Ontario v. Rothmans Inc. [Canada] [January 04, 2012]
The government of Ontario brought an action against various tobacco manufacturers seeking recovery of 50 billion dollars in health care costs that had been or would be paid by the government for treatment of its insureds' diseases or risks of diseases related to tobacco use. The claim was brought under the Tobacco Damages and Health Care Costs Recovery Act. The government alleged that the manufacturers had engaged in an intentional scheme of deception, arguing, among other things, that the manufacturers had been aware of the harmful health effects of cigarette smoke and second-hand smoke for several decades but had suppressed evidence revealing these effects and had purposely misled the public about the health risks of cigarette smoke.
This order reviews certain companies challenge to jurisdiction. The court rejects the challenge to jurisdiction and orders costs to be calculated for all the proceedings leading up to this ruling.

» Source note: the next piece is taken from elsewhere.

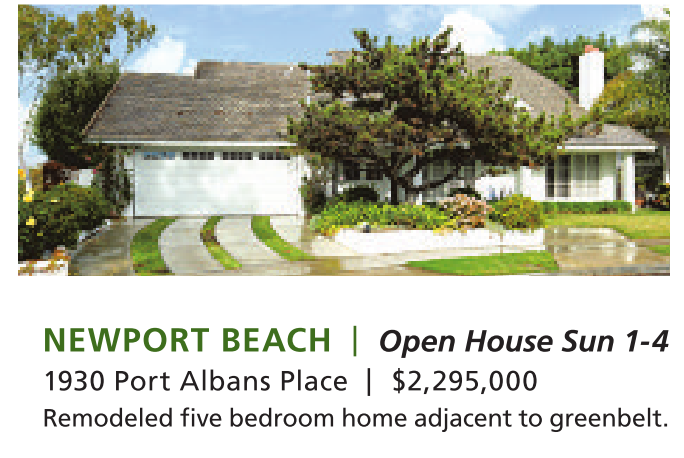 NEWPORT BEACH | Open House Sun 1-4 1930 Port Albans Place | $2,295,000 Remodeled five bedroom home adjacent to greenbelt.

R. v. Imperial Tobacco Canada Ltd., et al. [Canada] [July 29, 2011]
The Government of British Columbia and a class of smokers of “light” or “mild” cigarettes brought separate actions against tobacco companies seeking redress for the companies’ failure to inform the public of the harmful nature of various types of cigarettes. The tobacco companies, in turn, issued third-party notices to the Government of Canada, arguing that, if held liable to the plaintiffs, the companies would be entitled to compensation from Canada under various theories of law. The Court held that the companies' pleading disclosed no reasonable cause of action, finding, among other things, that: (1) an alleged duty of care to smokers did not exist; (2) Canada’s relationship with consumers and the tobacco companies was not sufficiently proximate to establish tortious liability; (3) Canada’s public health policy encouraging smokers to switch to low-tar cigarettes did not breach the duty of care; (4) Canada was not liable as a “manufacturer” under the Tobacco Damages and Health Care Costs Recovery Act, under the Negligence Act, or at common law; (5) Canada did not constitute a “supplier” within the meaning of the Business Practices and Consumer Protection Act because Canada did not promote the use of low‑tar cigarettes for commercial purposes; and (6) Canada’s regulation of the tobacco industry was not an implicit promise to indemnify compliance under the narrow doctrine of equitable indemnity.

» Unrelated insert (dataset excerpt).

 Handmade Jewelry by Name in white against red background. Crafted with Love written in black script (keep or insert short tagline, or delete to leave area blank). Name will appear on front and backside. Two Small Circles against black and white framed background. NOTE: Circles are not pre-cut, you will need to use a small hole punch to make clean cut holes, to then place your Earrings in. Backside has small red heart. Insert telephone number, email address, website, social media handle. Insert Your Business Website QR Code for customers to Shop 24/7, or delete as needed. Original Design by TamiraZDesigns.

Dubek v. Maccabi [Israel] [July 13, 2011]
This is an appeal to the Supreme Court in two suits by healthcare providers against major tobacco companies for compensation for costs of treatment harms of smoking. In one case (Macabbi) the District Court dismissed the suit and in the other (Clalit) the Court denied a motion to dismiss. The Supreme Court held that both cases should be dismissed due to lack of any liability or duty of care owed by the tobacco companies to healthcare providers. According to the decision, any suit must be filed against specific tobacco company, must name an individual that was harmed by smoking, and must state a specific harm.